Featuring selections from this duo's concerts in Italy, the Netherlands and the USA from the late '90s, this 67-minute CD offers a superb dose of ethereal ambience riddled with acoustic atmospherics and environmental airs.

In addition to analog and digital synthesizers and samplers, this music employs various acoustic and ethnic percussives along with classical and primitive woodwinds and live processed voices. Also utilized are such curiosities as hybrid grooves, primordial magma and "brain rattle."

Expect ambience in the extreme with these live performances. Deep drones mixing with breathy atmospheres in an aerial spiral of languid auralscapes. Echoing aspects of nature blending with eerie electronics. Haunting evocations of misty realms drenched in vaporous ghost-fire. Unperceived conversations between stones of ancient origin.

Expect some of these sublime performances to evolve rhythmic qualities, reminiscent of tribal ceremonies located just over the next hill. While other tracks display more delicate attributes, with textural dreampipes and processed flutes. Regardless of its substance, this ethereal music creeps without fail from a quiet whisper to voluminous inflation.

The CD's final track "Divine Innermission" blends performance elements and studio recordings for a subliminally more demonstrative 12 minutes of aerial waves, intricate rhythmics and the gentle throb of a fretless bass.

Want more? Check out the multimedia release "Circles & Artifacts" (CDROM on Contemporary Harmonic) which features the photography of Martina Verhoeven (Obmana's wife), the poetry of Linda Kohanov and 60 minutes of hauntingly evocative music by Roach and Obmana.

Interested parties are encouraged to learn more about the works of Steve Roach and Vidna Obmana at their individual Web sites.

Obmana will be performing concerts in the USA in November 2000. Consult this site for data.


TANGERINE DREAM: The Seven Letters from Tibet (CD on Tangerine Dream International)

After the recent almost quasi-techno edge displayed by Tangerine Dream during its last few releases, the sedateness of this CD comes as a refreshing deviation.
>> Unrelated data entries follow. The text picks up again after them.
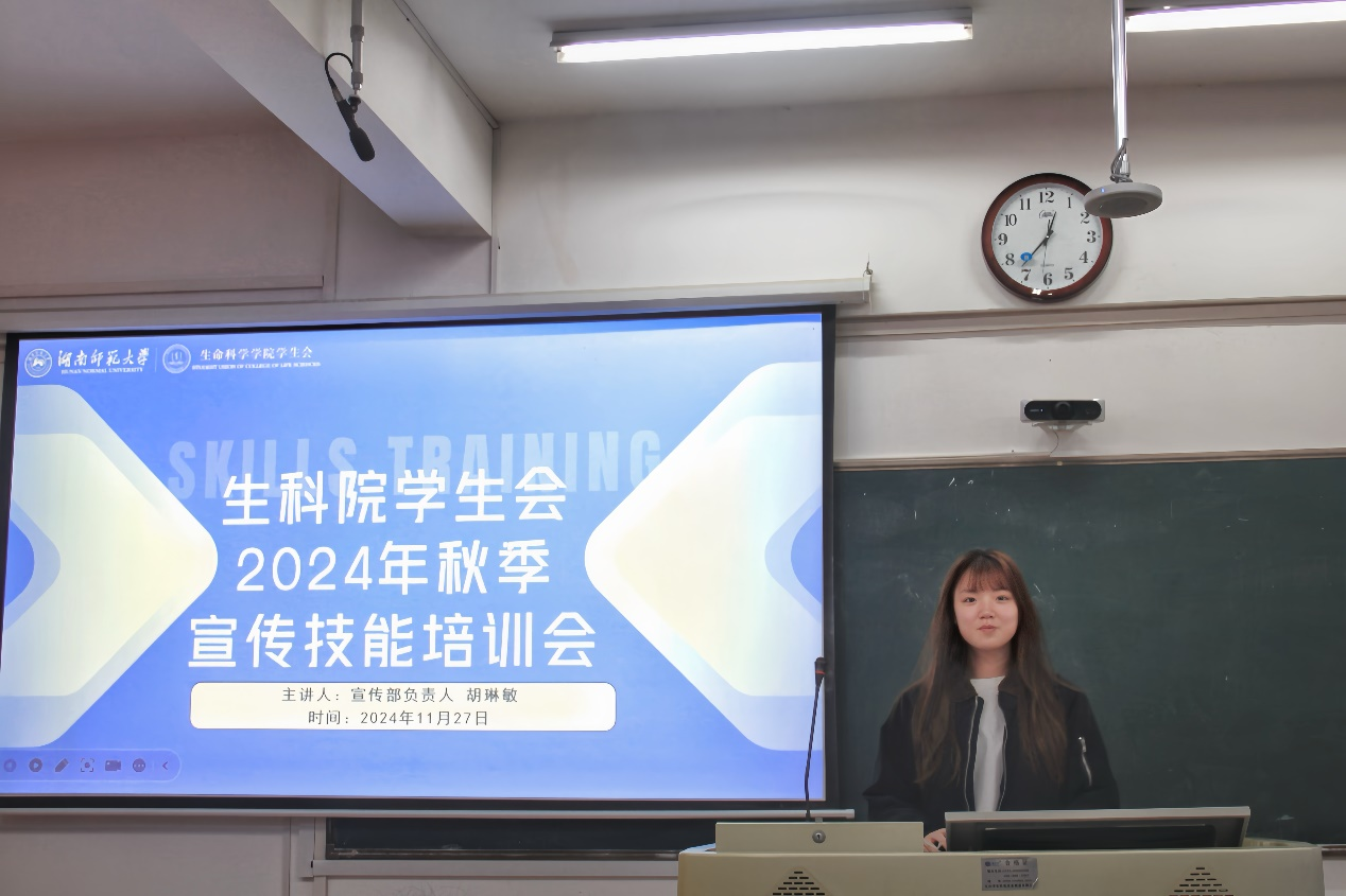 (通讯员 杨静茹 曹晟)11月27日中午,天天精品视频免费观看学生会于生科院三号楼B107教室举办2024年秋季宣传技能培训会。生科院第49届学生会宣传部负责人胡琳敏担任此次会议主讲人。生科院第49届学生会全体成员参与此次会议。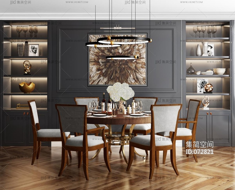 圆形餐桌椅组合 3d模型下载 [模型ID:72821]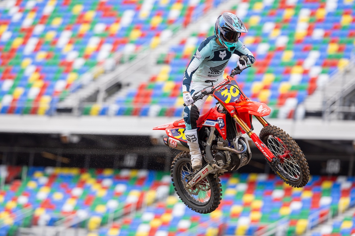 2026年AMAスーパークロス第8戦が伝統のデイトナ・インターナショナル・スピードウェイで開催され、Honda HRC Progressiveのハンター・ローレンスが2位を獲得。今季5度目の2位表彰台で450SXクラスのランキング首位を維持した。チームメイトの下田丈は250SXイーストで優勝争いを展開するも終盤の転倒により4位でフィニッシュ。それでも両者ともタイトル争いの中心に踏みとどまっている。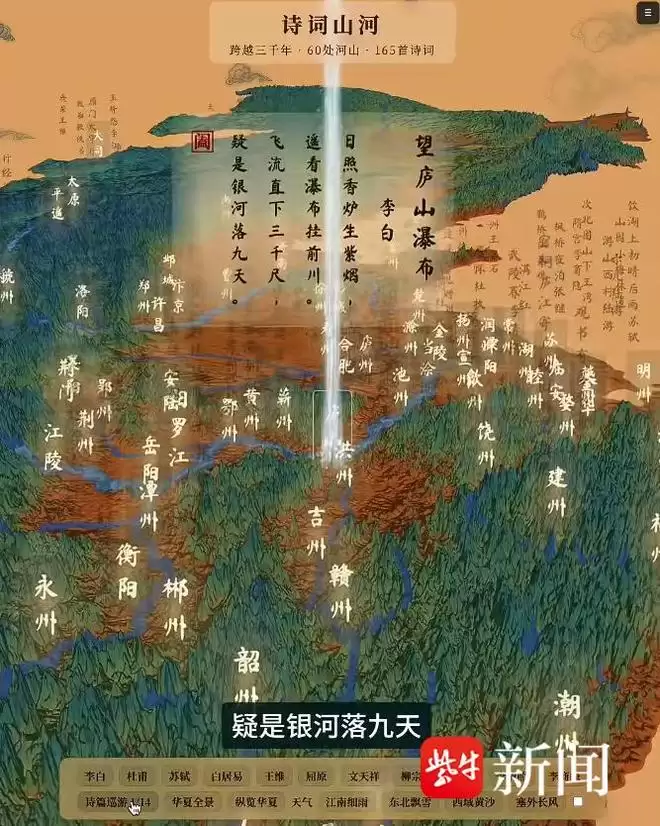 近期,他推出了耗时两个月的作品《跟着诗词去旅行》,将165首古代诗词与对应的山河胜景精准关联。“点击悬浮于山河之上的诗词,你就能看到李白醉卧庐山,吟诵‘飞流直下三千尺,疑是银河落九天’;崔颢登临黄鹤楼,感叹‘黄鹤一去不复返,白云千载空悠悠’;苏轼在密州郊外纵马,‘老夫聊发少年狂,左牵黄,右擎苍’的豪情跃然眼前。”
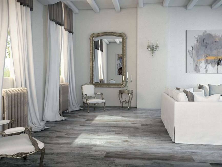 Полы деревянные — это классический и идеальный выбор для данного стиля. Паркетная доска должна быть искусственно состаренная. Завершающим штрихом выступит потертый ковер.

Tangerine Dream's trademark electronics are tempered here by delicate lutes, various eastern instruments, and heavenly aspects. There has always been a notably flutish quality to the band's keyboards, and this attribute is used to admirable effect in these compositions. Other, deeply resonant synthesizer tones sweep through intangible valleys cradled between colorful mountains that pierce the stratosphere with regal calm. When percussive elements do appear, they are fragile and unassuming, contributing subtle hints of tempo to the music.

As the melodies roam from ambient airs to softly emotional structures, things never quite get minimal, with glistening textures arranged in beatific configurations of particularly melodious distinction. A sense of reverent grandeur permeates the flow, imbuing each chord with subtle power.

Surprisingly, this 49-minute release possesses far more new age sensibilities than ever worn by Tangerine Dream's music. The mystical qualities of these songs balance tenderness with majesty, and classical overtones with modern electronica.

The concept defining this music is the principle that the primal substance of the universe is sevenfold, with each incidence and theory being divided into seven degrees of manifestation.